■ Your instructions ■
From the line containing "悲報 ラーメン二郎松戸店のトイレがコロナ自粛警察に破壊されてしまう まんさんコレクション" through the last line of the records below, each line is to be repeated exactly; pictures are to be omitted.

Records drawn from a dataset:
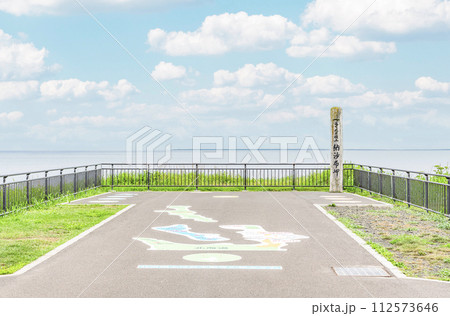北海道根室市 本土最東端 夏の納沙布岬 納沙布岬の碑と霞がかかった周辺の景色
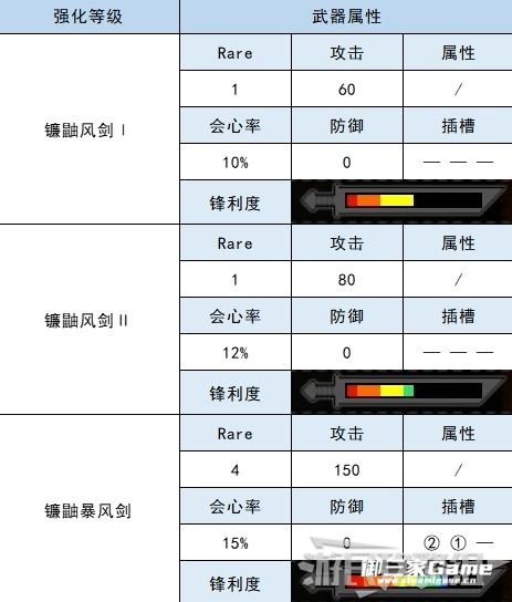 镰鼬龙大剑的各强化等级和所需素材如下,该武器需要基底武器炎火铁大剑Ⅰ。
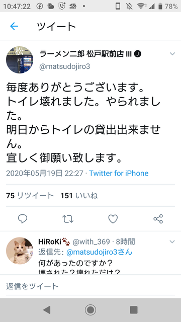 悲報 ラーメン二郎松戸店のトイレがコロナ自粛警察に破壊されてしまう まんさんコレクション
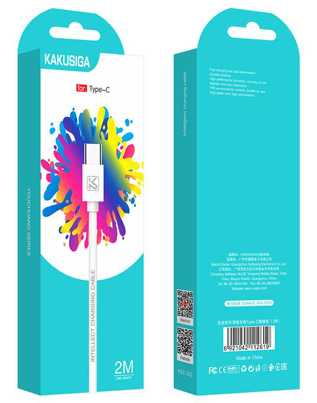 KAKUSIGA καλώδιο USB-C σε USB KSC-332, 2.4A, 480Mbps, 2m, λευκό
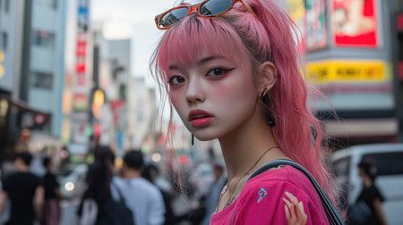 Japanese woman, 20 years old, modeling unique fashion on the bustling streets of Shibuya, blending into the energetic cityscape.

■ Solution ■
 悲報 ラーメン二郎松戸店のトイレがコロナ自粛警察に破壊されてしまう まんさんコレクション
 KAKUSIGA καλώδιο USB-C σε USB KSC-332, 2.4A, 480Mbps, 2m, λευκό
 Japanese woman, 20 years old, modeling unique fashion on the bustling streets of Shibuya, blending into the energetic cityscape.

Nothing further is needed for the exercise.